§ **TASK GOAL**
Instruction for the entries below: return the part that opens with the line containing "Notre déambulateur est" and closes with the line containing "Model wearing High", exactly, and no pictures.
--- START ---
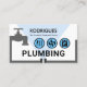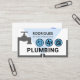 At the top lies your prestigious name. This is followed by a slogan caption with the business name "PLUMBING" near the base ; You can change both captions to suit your own service needs. Inside the water spray are three light blue plumber service icons.
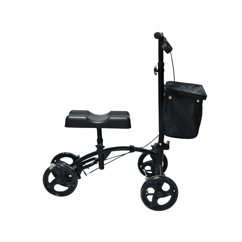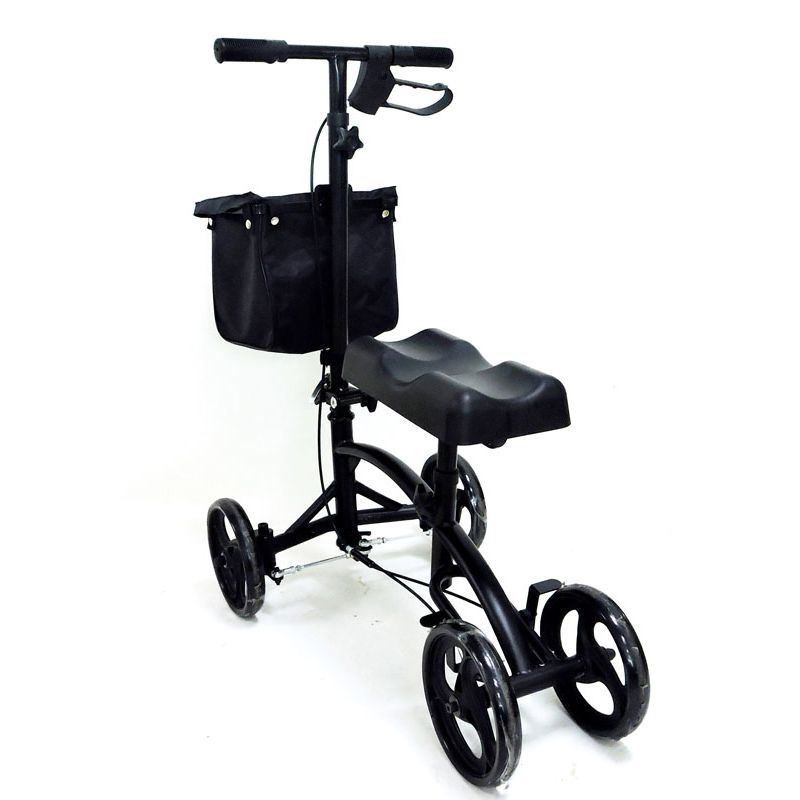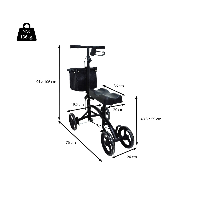 Notre déambulateur est le support idéal pour les utilisateurs ayant des soucis temporaires pour poser le pied. Il permet de marcher tout en gardant la jambe pliée confortablement. Ce déambulateur trottinette permet de vous déplacer à l’extérieur facilement et en toute sécurité. Il est muni d’un frein bloquant les 2 roues arrière simultanément. Ensemble repliable pour un rangement facilité. Frein simple et frein de parking.Structure aluminium et roues antidérapantes diamètre 20 cm.Dimensions hors-tout : larg. 49,5 (avant) et 24 (arrière) x prof. 76 x haut. 91 à 106 cm.Coussin support : larg. 20 x prof. 36 x haut 48,5 à 59 cm.Poids 10,2 kg. Poids maximum autorisé : 136 kg.
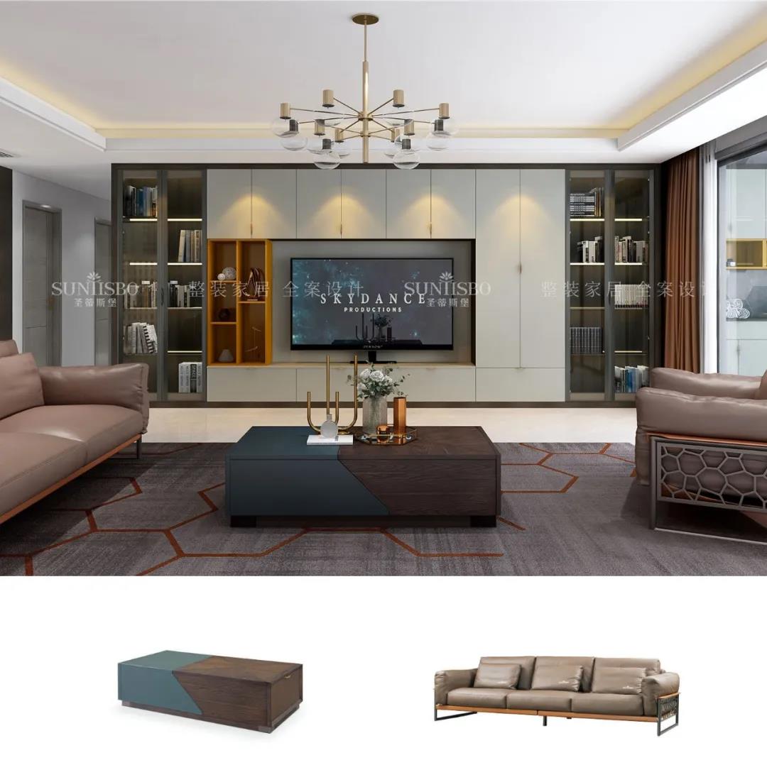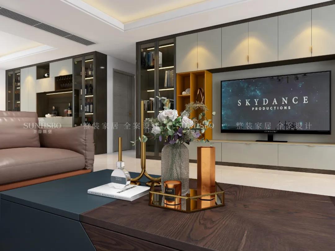 客廳一面置頂的定制柜,大大增加了空間收納,也將電視背景墻的觀(guān)賞性發(fā)揮到極致。淺灰與明亮橙的“動(dòng)靜”屬性,與沙發(fā)上的愛(ài)馬仕橙相呼應,從空間中漫溢出歡樂(lè )和跳動(dòng)的樂(lè )章,回響生活中那一抹絢麗和精致,同時(shí)也擁有著(zhù)對立且和諧的高級范兒。
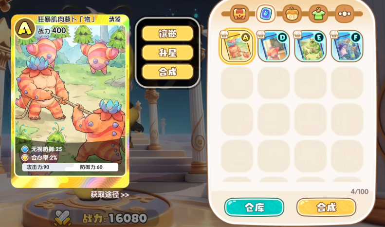 合成操作需消耗两张卡牌,系统采用“主卡+辅卡”结构:高等级卡牌作为主卡,低等级或同等级卡牌作为辅卡。当主卡等级高于辅卡时,有概率生成更高阶卡牌;若两者等级相同,则产出结果为同等级卡牌。因此,持续获取高品质卡牌是提升合成成功率与产出质量的基础策略。
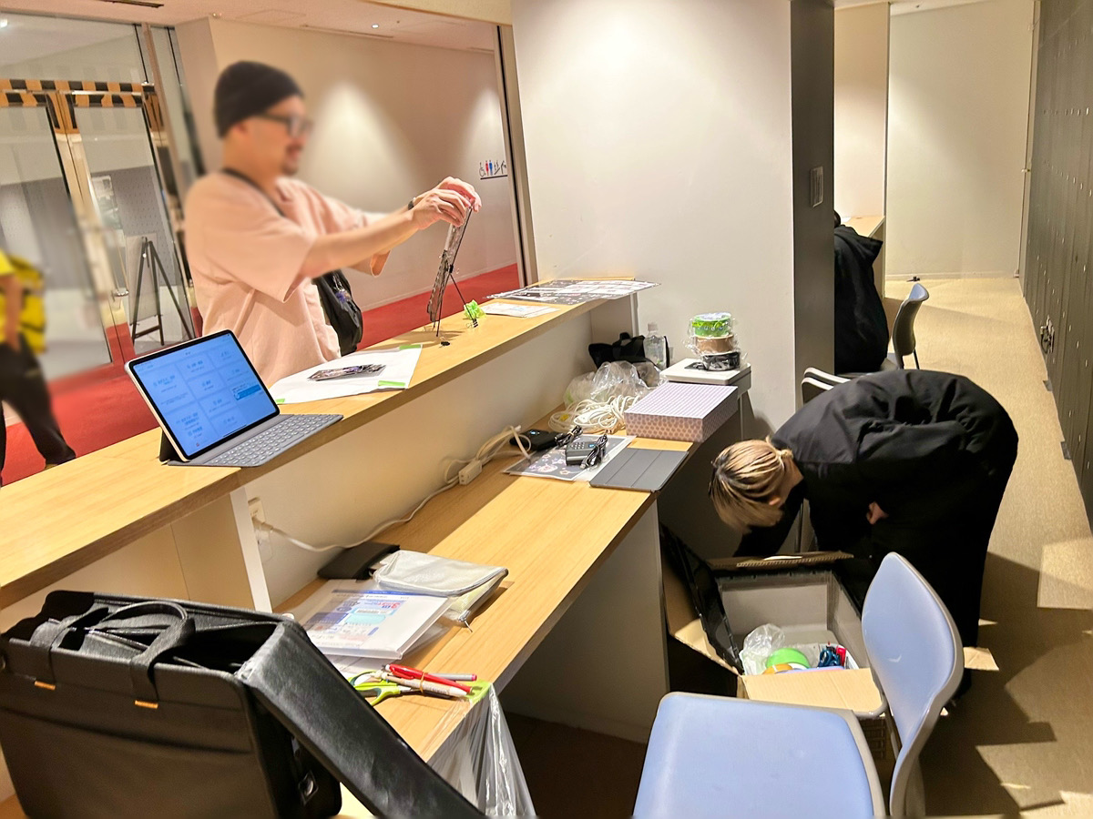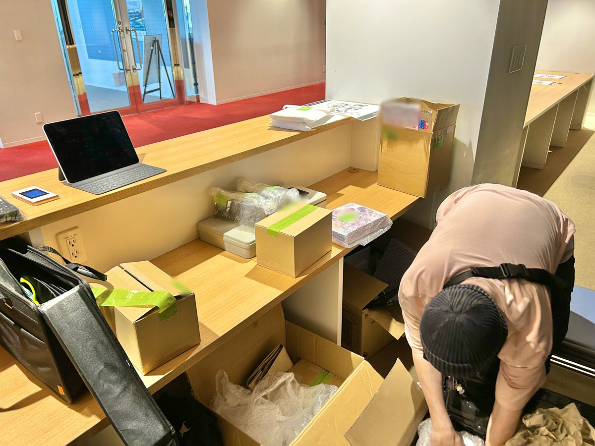 会場に到着したら物販ブースへ向かい、早速準備に取り掛かります。
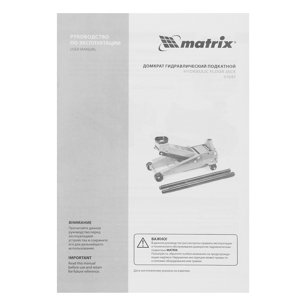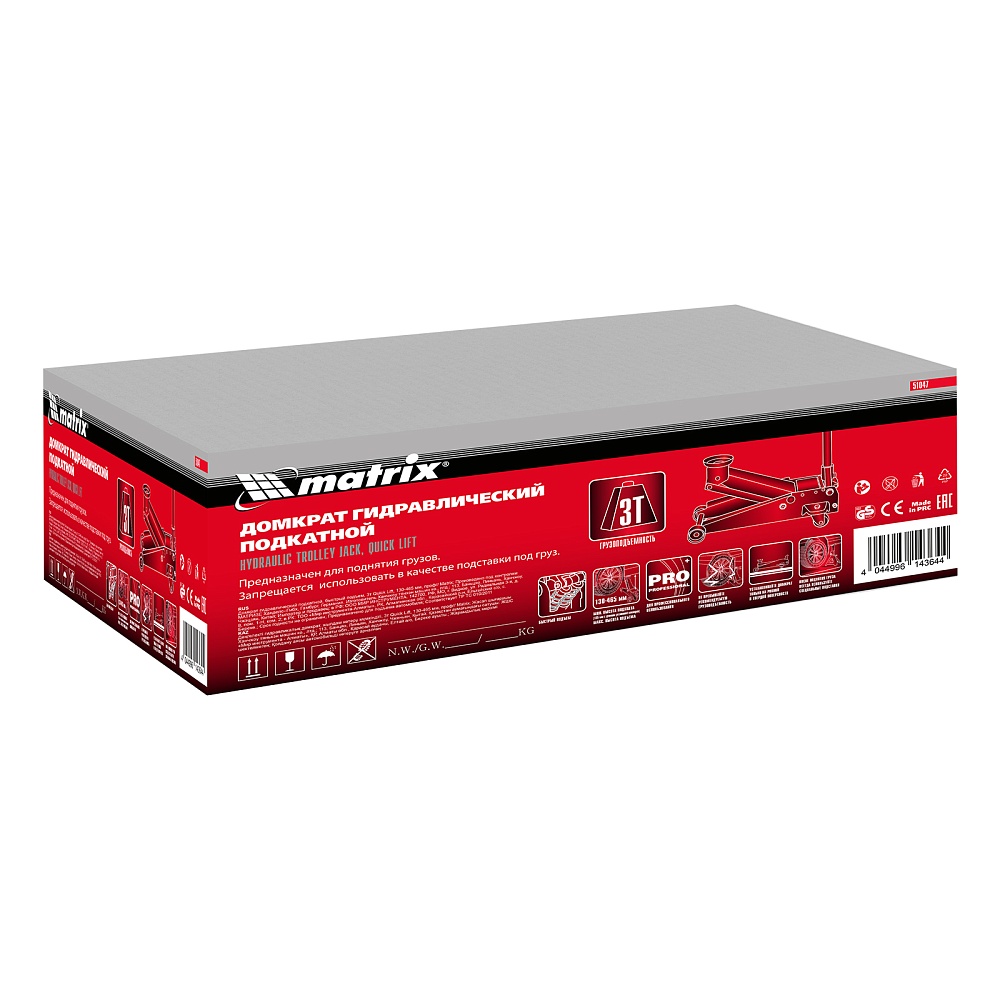 Домкрат гидравлический подкатной профессиональный, быстрый подъем, 3 т, 130-465 мм. Quick Matrix
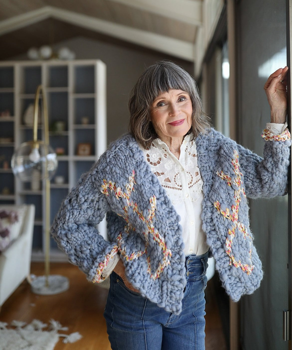 Model wearing High Fives Cardi in Breezy Blue and Ochre Rose yarns
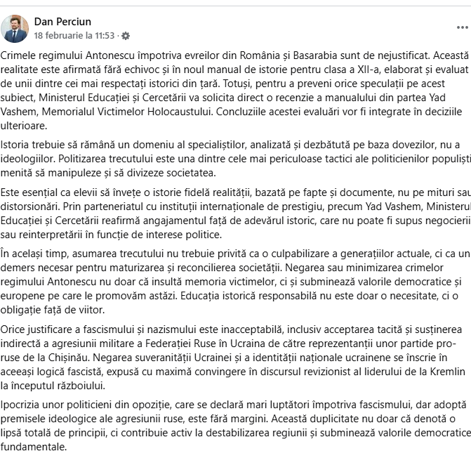 Este esențial ca elevii să învețe o istorie fidelă realității, bazată pe fapte și documente, nu pe mituri sau distorsionări. Prin parteneriatul cu instituții internaționale de prestigiu, precum Yad Vashem, Ministerul Educației și Cercetării reafirmă angajamentul față de adevărul istoric, care nu poate fi supus negocierii sau reinterpretării în funcție de interese politice.
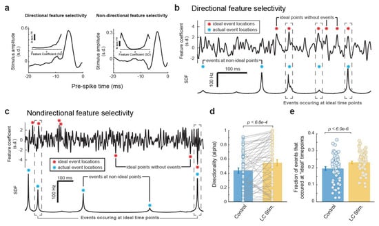 After the directionality of each feature selectivity was calculated, we then identified the peaks in the corresponding feature coefficient which would be most ideal to position our events. Here, we conserved the same number of events as observed in the original response but moved these event times to be located at the peaks in the feature coefficient vector with the largest positive values for directionally selective features (Figure 5b, red stars) or largest absolute values for non-directionally selective features (Figure 5c, red stars). We were then able to compare these ideal event time points with the actual event time points observed with and without LC stimulation (Figure 5a,b, blue stars). Here, we found that LC stimulation increased the fraction of events that occurred at an ideal event time point (Figure 5e, 0.20 ± 0.01 without LC stimulation vs. 0.23 ± 0.01 with stimulation, p < 6.0 × 10−6, paired t-test, 32 neurons from 19 rats). Taken together, consistent with the previous results, this showed that LC activation resulted in a changing of the temporal event structure in such a way that favors more informative, and therefore more optimal, event locations.
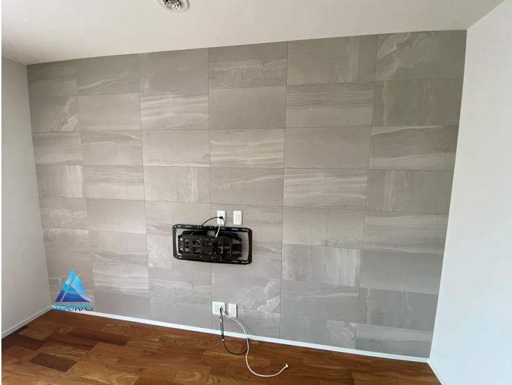 エコカラット リビング【ストーングレース】(グレー)芋貼り+テレビ壁掛け金具設置+ビルトイン配線工事
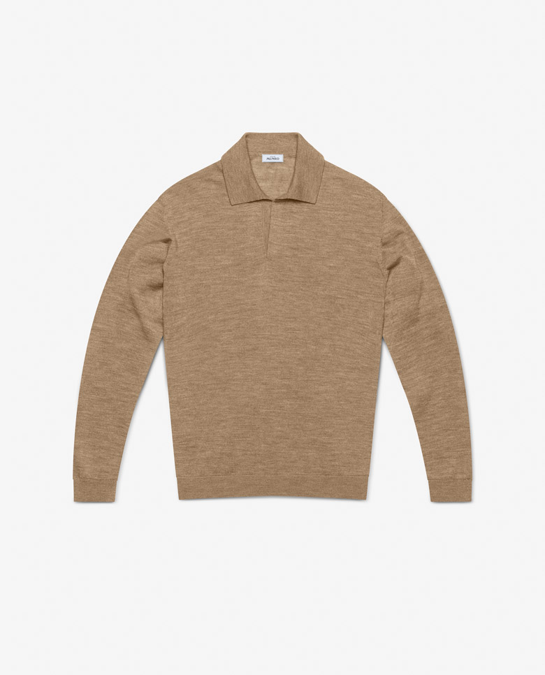 This camel-colored mélange knit is a comfortable addition to your year-round wardrobe. The extra-fine merino wool is 3D knitted for a luxurious seamless look. Designed here as a polo knit without buttons, made from single yarns for a lighter wear. Make this knit your own with our many customization options to choose from.
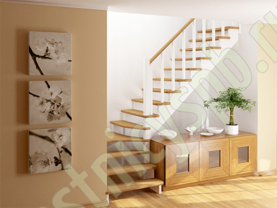 Ступени и поручень лестницы изготовлены из бука, остальные элементы из сосны.
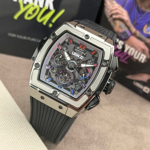 Huomiota herättävä miestenkello URBN22. Kellon tekniikka perustuu kvartsikoneistoon (VD53, valmistettu Japanissa).Varustettu kronografilla, 24 tunnin näytöllä ja päivämääränä klo 4–5 välissä.Huomiota herättävä ulkonäkö kotelon muodossa, osittain avoin kellotaulu ja värikkäät yksityiskohdat.Kello lepää mukavalla teräksisellä rannekkeella.Kello toimitetaan esitettyjen (valkoisten) tarvikkeiden kera.Koneisto: kvartsiaKotelon materiaali: terästäläpimitta: noin 42 mm ilman kruunuapaksuus: noin 12 mmranneke: noin 21 cmIkä: 2020+Toimitetaan vakuutettuna.Kuvat ovat osa kuvausta.
--- END ---
§ **EXERCISE SOLUTION**
 Notre déambulateur est le support idéal pour les utilisateurs ayant des soucis temporaires pour poser le pied. Il permet de marcher tout en gardant la jambe pliée confortablement. Ce déambulateur trottinette permet de vous déplacer à l’extérieur facilement et en toute sécurité. Il est muni d’un frein bloquant les 2 roues arrière simultanément. Ensemble repliable pour un rangement facilité. Frein simple et frein de parking.Structure aluminium et roues antidérapantes diamètre 20 cm.Dimensions hors-tout : larg. 49,5 (avant) et 24 (arrière) x prof. 76 x haut. 91 à 106 cm.Coussin support : larg. 20 x prof. 36 x haut 48,5 à 59 cm.Poids 10,2 kg. Poids maximum autorisé : 136 kg.
 客廳一面置頂的定制柜,大大增加了空間收納,也將電視背景墻的觀(guān)賞性發(fā)揮到極致。淺灰與明亮橙的“動(dòng)靜”屬性,與沙發(fā)上的愛(ài)馬仕橙相呼應,從空間中漫溢出歡樂(lè )和跳動(dòng)的樂(lè )章,回響生活中那一抹絢麗和精致,同時(shí)也擁有著(zhù)對立且和諧的高級范兒。
 合成操作需消耗两张卡牌,系统采用“主卡+辅卡”结构:高等级卡牌作为主卡,低等级或同等级卡牌作为辅卡。当主卡等级高于辅卡时,有概率生成更高阶卡牌;若两者等级相同,则产出结果为同等级卡牌。因此,持续获取高品质卡牌是提升合成成功率与产出质量的基础策略。
 会場に到着したら物販ブースへ向かい、早速準備に取り掛かります。
 Домкрат гидравлический подкатной профессиональный, быстрый подъем, 3 т, 130-465 мм. Quick Matrix
 Model wearing High Fives Cardi in Breezy Blue and Ochre Rose yarns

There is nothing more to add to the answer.